Selain mengampanyekannya di media sosial, persoalan ini idealnya juga bisa diselesaikan dengan membuka lapangan pekerjaan yang lebih bervariasi di lingkungan masyarakat desa.
Lapangan pekerjaan yang bervariasi ini juga ditunjang dengan kualitasnya yang berkapabilitas dalam persaingan ekonomi. Sektor yang dilirik untuk dikembangkan adalah pertanian dan peternakan yang dapat menjawab kebutuhan lapangan kerja apabila pertanian dan peternakan dimaknai sebagai agribisnis perdesaan.
Di lingkungan desa tempat saya tinggal, ini menjadi program desa yang sedang dikembangkan terutama lewat keberadaan badan usaha milik desa dan kelompok tani. Pengembangan potensi desa seperti ini tentunya akan memberikan dampak perlahan bagi penyelesaian masalah ekonomi yang selama ini menjadi faktor terbesar terjerumusnya masyarakat ke dalam praktik perdagangan orang.
Pencapaian rencana ini tentunya juga memerlukan dukungan positif dari pemerintah dan semua pihak. Franz Magnis-Suseno, Guru Besar Emeritus Sekolah Tinggi Filsafat Driyakara, Jakarta, dalam Malam Renungan dan Refleksi: “Indonesia Darurat Perdagangan Orang” yang diselanggarakan Institut Dialog Antar-Iman di Indonesia (Interfidei), Fahmina Institute, dan Zero Human Trafficking Network pada 30 Juli 2022 menyampaikan, ia meminta semua lembaga agama memberi perhatian serius pada pencegahan perdagangan orang karena yang menjadi korban, terutama perempuan, adalah orang-orang miskin, tidak berpendidikan, dan berasal dari daerah-daerah terpencil.

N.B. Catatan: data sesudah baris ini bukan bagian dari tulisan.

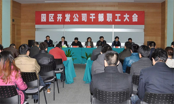 2月20日上午,園區(qū)開發(fā)公司召開干部職工大會,歡送任職期滿的丁琦、吳穎同志,歡迎新任總裁陸志剛、財務(wù)總監(jiān)陶潔同志。公司常務(wù)副總裁鮑淮斌同志主持會議。
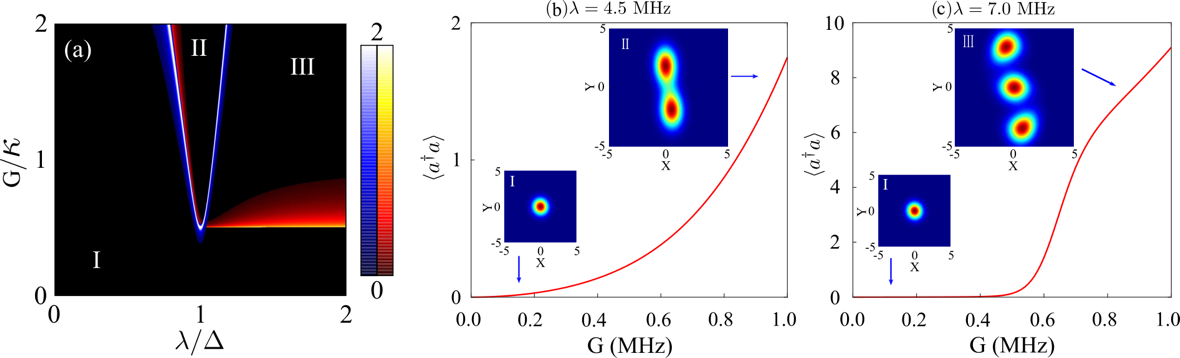 图2: (a) 腔内光子数涨落。区域I、II、III分别表示正常相、超辐射相和正常相与超辐射相共存的相。(b)、(c)不同耦合强度下腔内光子数随光参量放大的非线性增益系数的关系,以及各相对应的Wigner函数分布。
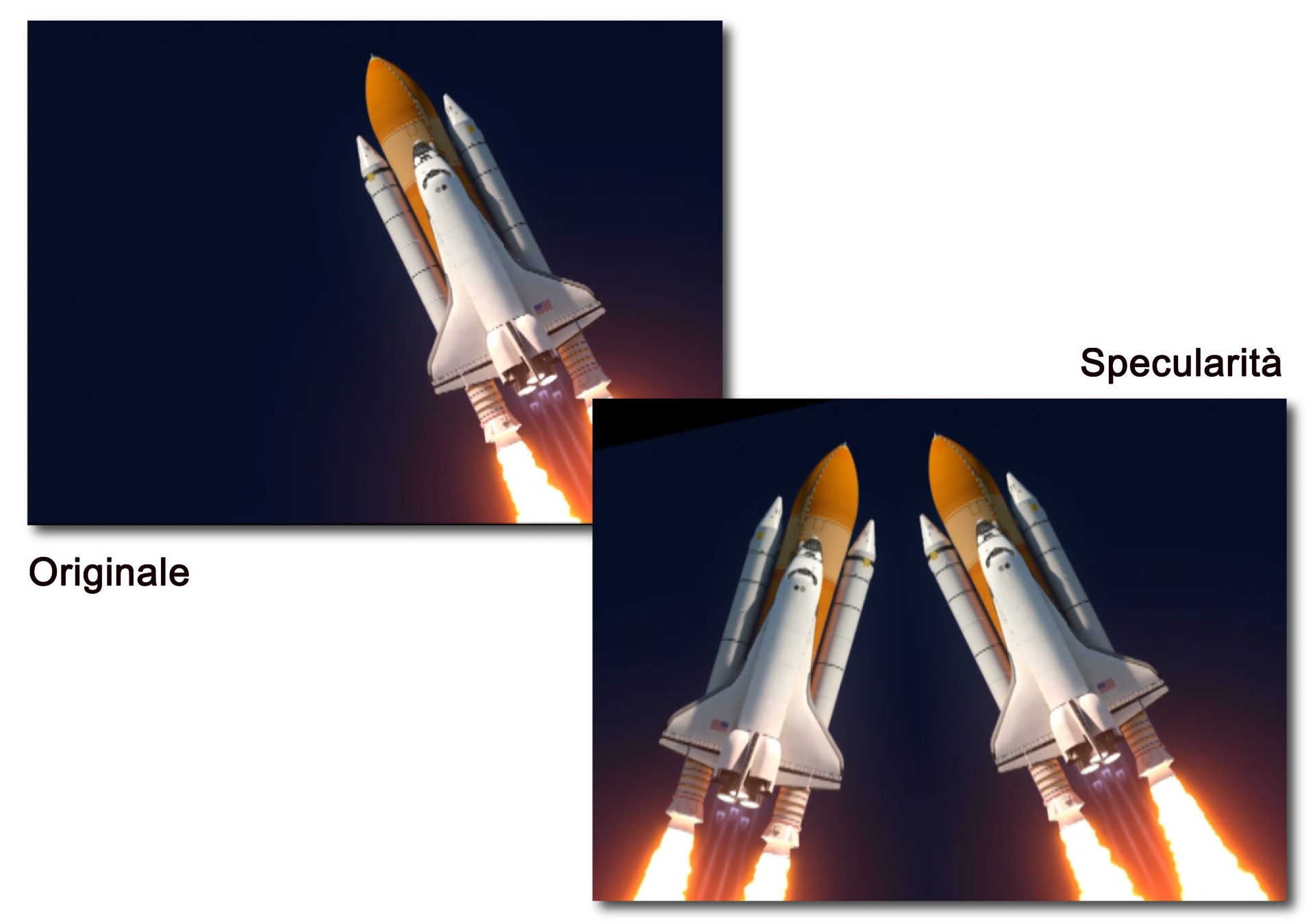 L’effetto Specularità suddivide l’immagine lungo una linea e ne riflette un lato sull’altro.
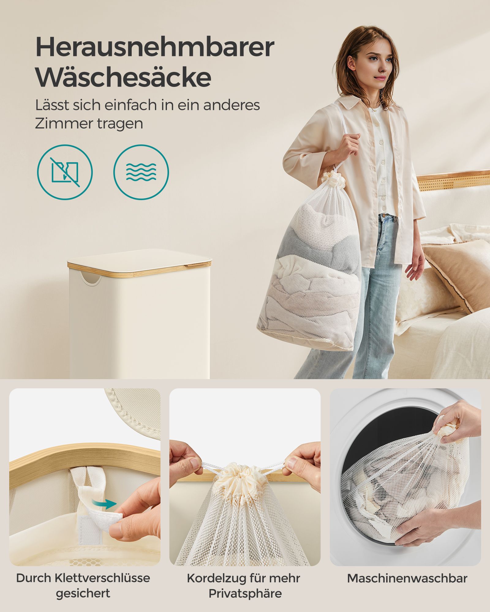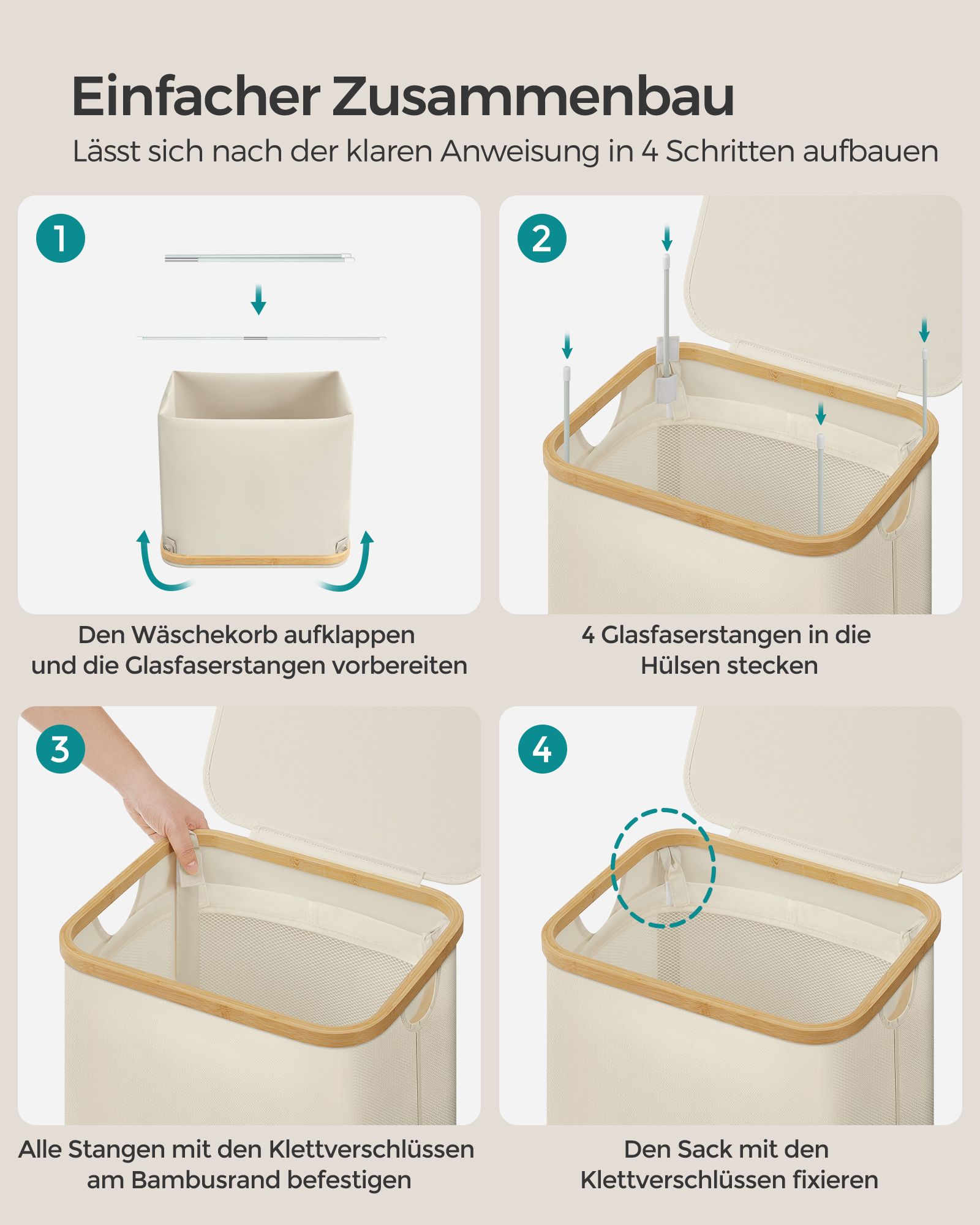 SONGMICS laundry basket, laundry collector with lid, foldable, removable laundry bag, Oxford fabric, bamboo handles, collapsible
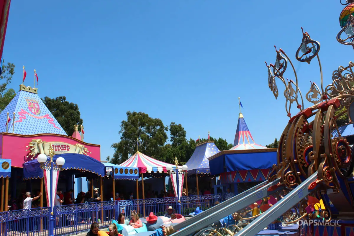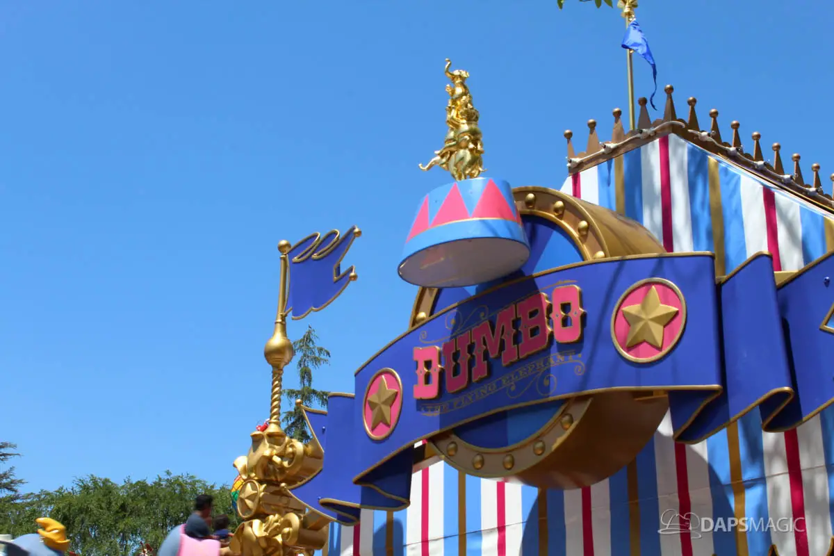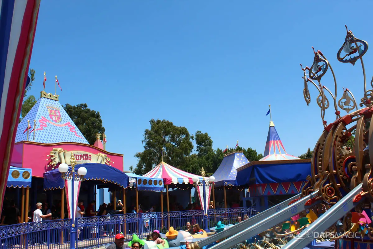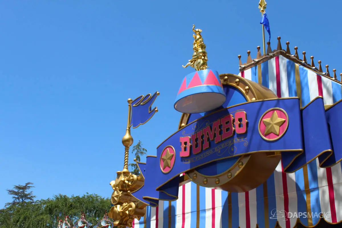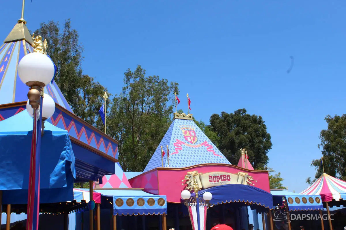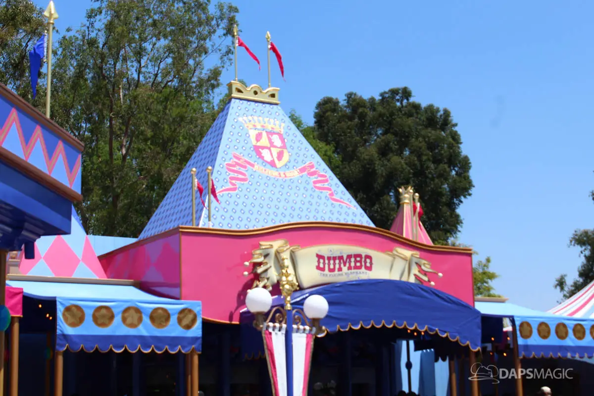 Dumbo the Flying Elephant is an iconic attraction at the Disneyland Resort that is a favorite for kids and the kids at heart. It has been closed this spring though for an update to its queue. Today, it reopened. The new entrance to this attraction is shaded and evokes the feeling of Dumbo’s circus. DAPS MAGIC correspondent Caitie was in the park and was able to catch some photos of the new entrance to this beloved attraction. Take a look at the photos below. Then let us know what you thought of them in the comments!
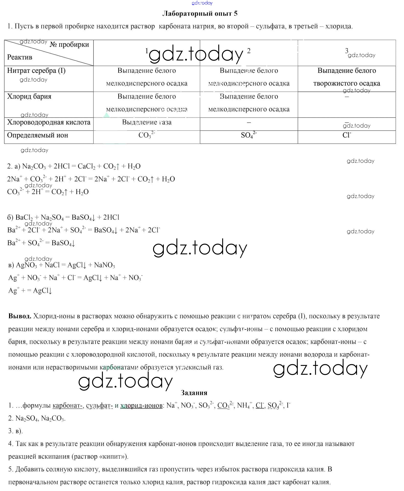 Ответы к Решение к лабораторные опытам 5 Тетради для практических работ и лабораторных опытов по Химии для 9 класса Сечко Аверсэв 2016
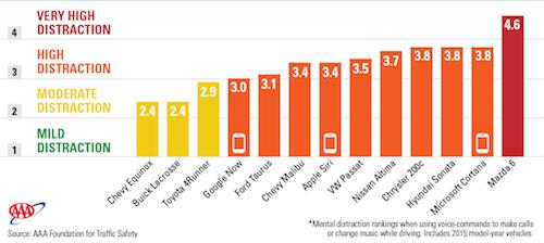 Les travaux ont même permis d’établir une distinction entre les systèmes d’exploitations qui perturbent le plus et le moins les pilotes. La commande centralisée de la Mazda 6 est de loin la mauvaise élève, suivie de près par le système sur smartphone Cortana. Les « Apple maniacs » vont pour une fois devoir mettre leur fierté dans leur poche, car c’est bien le système Google Now qui perturbe le moins la conduite par rapport à Siri. En revanche, les dispositifs les moins gênants restent ceux qui sont intégrés aux voitures.
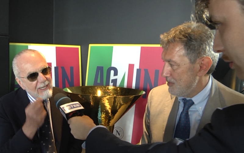 Nel video esclusivo della doppia intervista realizzata ieri a Napoli dal collega Daniele Cristofani, inviato per il Centro e Rete8, assieme a quelle del governatore Marsilio sono diventate virali le dichiarazioni del presidente della società campione d’Italia Aurelio De Laurentiis, particolarmente esplicite sul suo rapporto con giornalisti e telegiornali
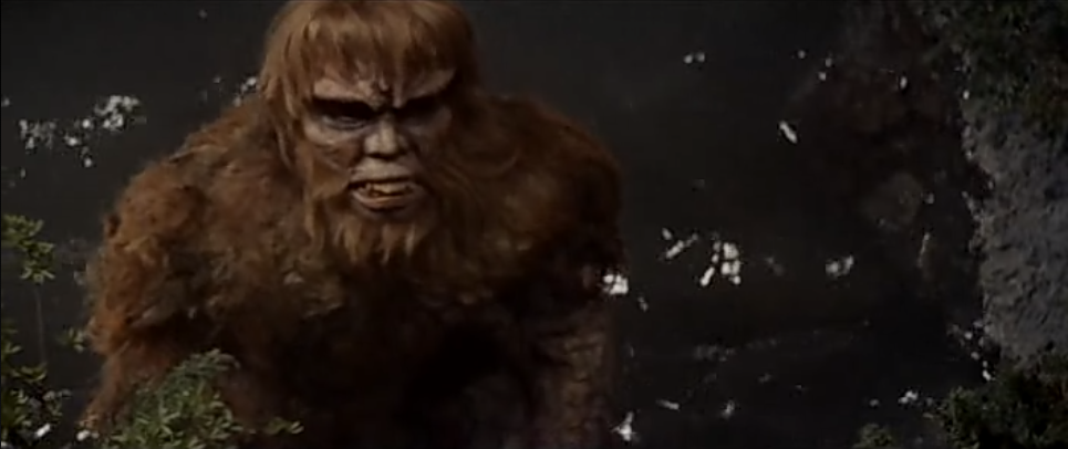 It’s enough to finally mobilize our intrepid sciencers. They tell the press they don’t believe this ugly green menace is their peaceful, people-loving babby monster from back in the day, and speculate that it may be a second creature.  Dr. Stewart and Akemi (Mizuno) head into the Japanese Alps to follow up on reports of gigantic footprints, and Dr. Majida (Sahara) investigates Gaira’s beach-side stomping grounds.  Stewart and Akemi sure as shit find some huge footprints (conveyed by a surprisingly weak matte painting), while Majida finds a hunk of monstery schmutz and has it analyzed.
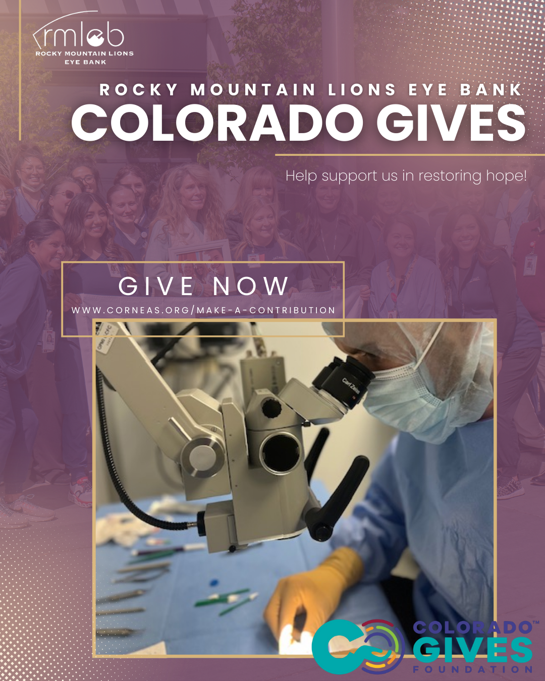 Today is Colorado Gives Day, so consider giving to help us continue to restore hope. With your contribution, RMLEB can continue to fulfill the wishes of donors and their families to help another overcome blindness through transplantation and research. Through the lens of restored vision, those touched by eye donation gain a clearer view of the world—a world where the gift of sight becomes a shared experience, enriching lives and fostering hope.
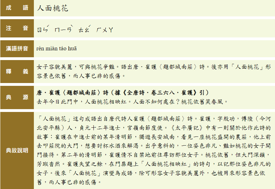 崔護在中進士前的某年清明節,獨遊長安城南,看見一座桃花盛開的農莊,他上前去叩莊院的大門,想要討杯水酒來解渴。出乎意料的,一位姿色非凡、豔如桃花的女子開門接待。第二年的清明節,崔護情不自禁地前往尋訪那位女子。桃花依舊,但大門深鎖,芳蹤杳然。崔護失望之餘,在門扉題上「人面桃花相映紅」的詩句,以記那位姿色非凡的女子。
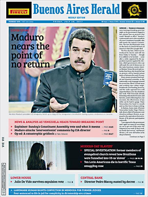 En su última edición, incluyó la cobertura de la asamblea constituyente que se realizó anteayer en Venezuela. Julio de Vido también quedará en la última página de la historia de este medio, ya que se publicó una nota sobre cómo sobrevivió al intento de ser expulsado del Congreso. Y una nota en la que se analizaban las perspectivas de las próximas elecciones legislativas en la Argentina. A principios de este mes, el Grupo Indalo, que tiene otros medios como C5N y Radio 10, cerró el canal de noticias CN23.
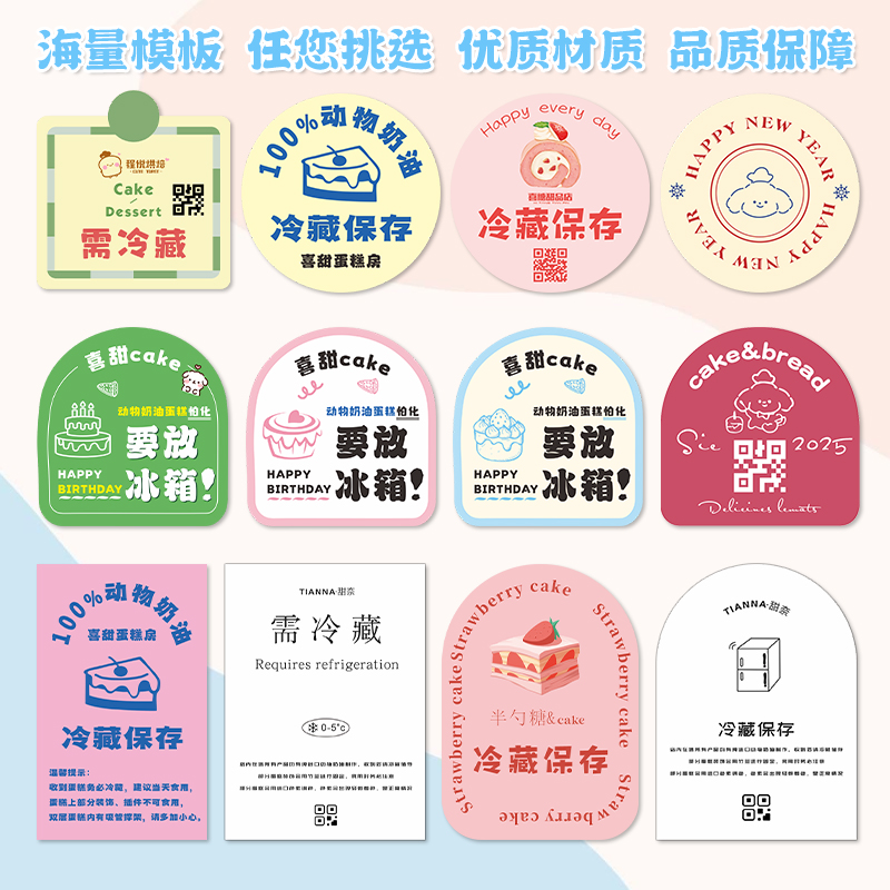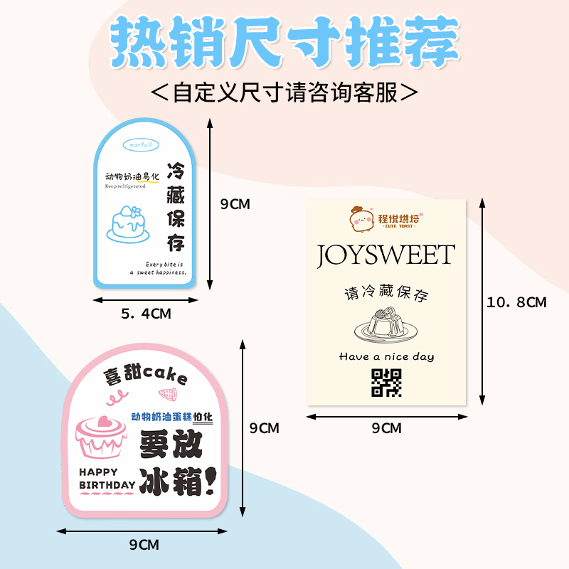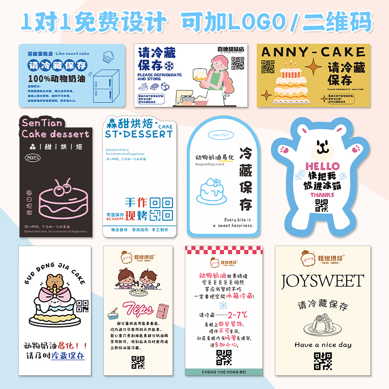 蛋糕温馨提示贴纸定制奶油慕斯烘焙冷藏防水不干胶二维码封口打印
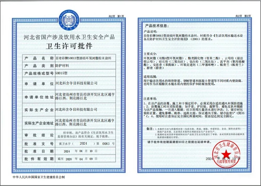 河北科含奪目科技有限公司(以下簡稱“科含奪目”),作為專注粉末涂料領(lǐng)域的企業(yè),一直致力于為輸水管道提供高效、環(huán)保的防腐解決方案。企業(yè)憑借深厚的行業(yè)積淀和強大的科研實力,成功研發(fā)出百奇彩50015型溶劑環(huán)氧樹脂粉末等一系列具有自主知識產(chǎn)權(quán)的防腐產(chǎn)品。這些產(chǎn)品以其卓越的性能和廣泛的應(yīng)用領(lǐng)域,贏得了市場的廣泛認可和好評。
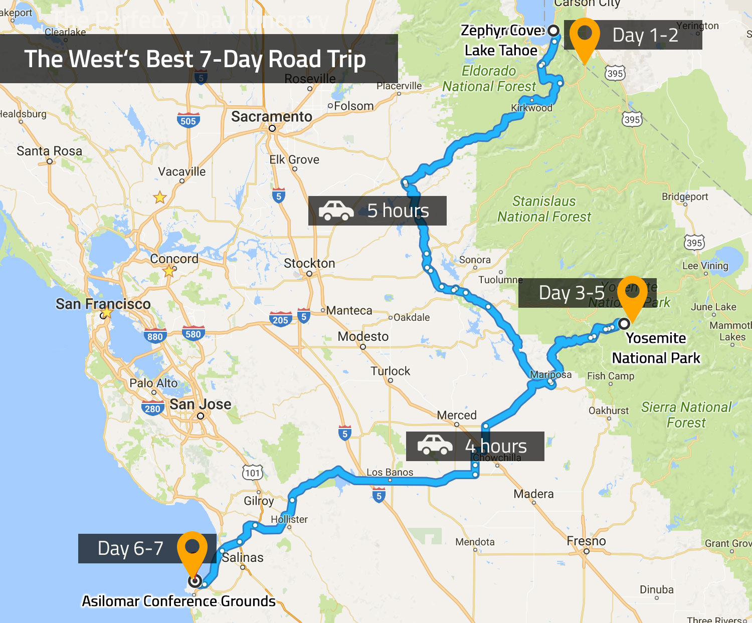 - Yosemite (Days 3-5): Incomparable vistas and legendary American icons. Spend 3 days exploring the natural wonder of Yosemite National Park.

Kampanye pencegahan perdagangan orang harus masif. Sosialisasi dilakukan layaknya pelaku mengampanyekan iklannya di media sosial tanpa henti. Kita juga harus memiliki marketing skills yang sama dengan terus mengampanyekan bahaya perdagangan orang di media sosial sambil diiringi dengan aksi nyata di lapangan.